**Directions for this task**
From the records below, output exactly the lines starting at the line with "As shown, lending" and ending at the line with "NOEL by Lamart", both of them included, but no pictures.

**Data listing**

======

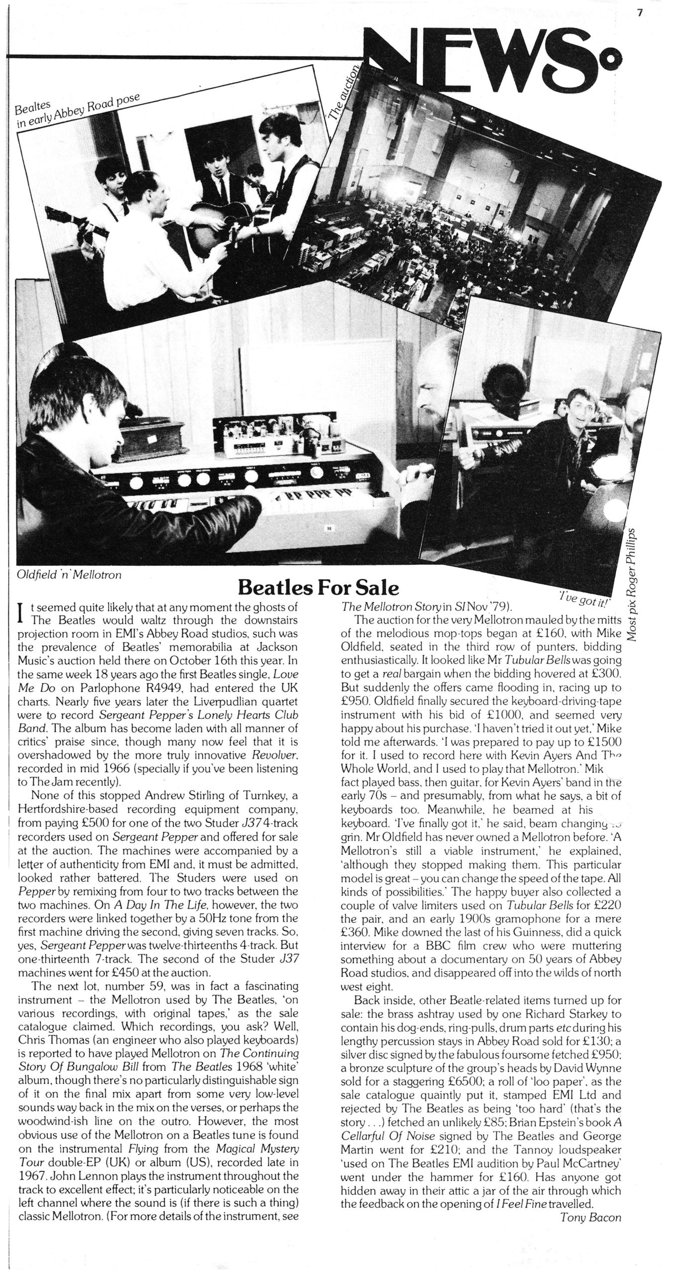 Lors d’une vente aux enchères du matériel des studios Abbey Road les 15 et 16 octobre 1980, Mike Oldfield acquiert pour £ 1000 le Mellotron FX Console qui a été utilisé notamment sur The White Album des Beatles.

======

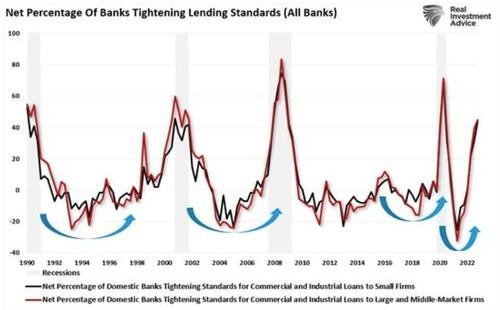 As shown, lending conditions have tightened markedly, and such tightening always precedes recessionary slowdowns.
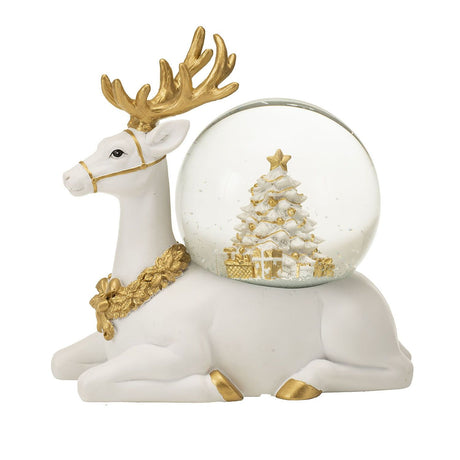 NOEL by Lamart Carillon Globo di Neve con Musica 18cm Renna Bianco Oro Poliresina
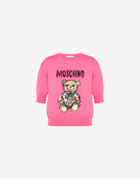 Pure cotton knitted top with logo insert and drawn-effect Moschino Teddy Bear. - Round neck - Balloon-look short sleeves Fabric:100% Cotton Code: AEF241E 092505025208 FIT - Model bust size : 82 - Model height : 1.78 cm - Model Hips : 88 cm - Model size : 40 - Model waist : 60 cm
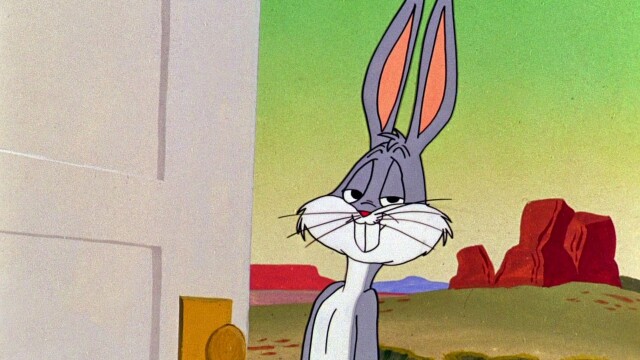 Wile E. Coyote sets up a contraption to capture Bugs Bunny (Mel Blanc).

======

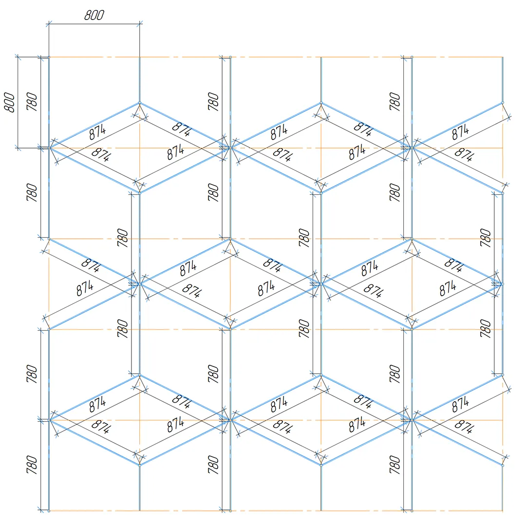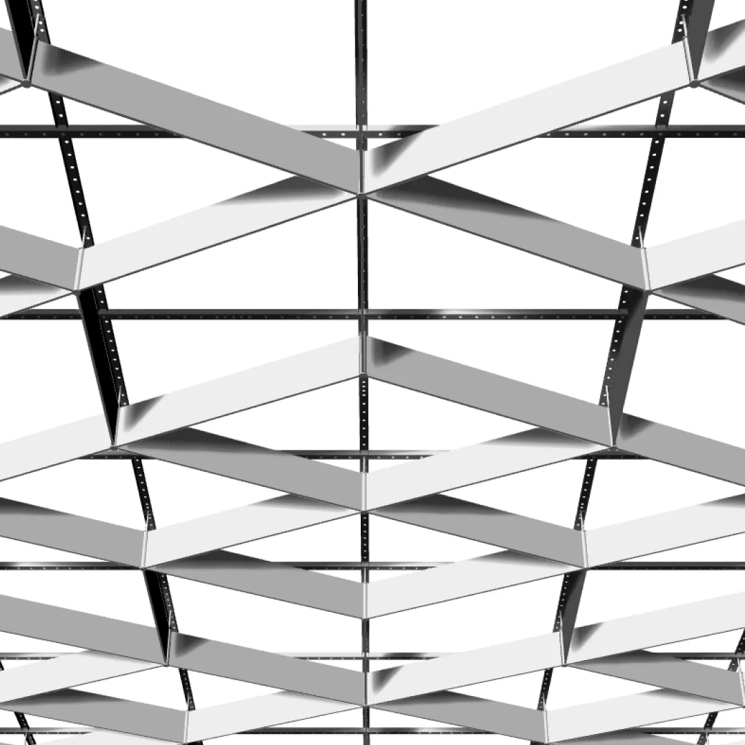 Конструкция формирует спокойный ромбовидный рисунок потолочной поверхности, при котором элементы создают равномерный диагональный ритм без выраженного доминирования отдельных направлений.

======

**Written answer**
 As shown, lending conditions have tightened markedly, and such tightening always precedes recessionary slowdowns.
 NOEL by Lamart Carillon Globo di Neve con Musica 18cm Renna Bianco Oro Poliresina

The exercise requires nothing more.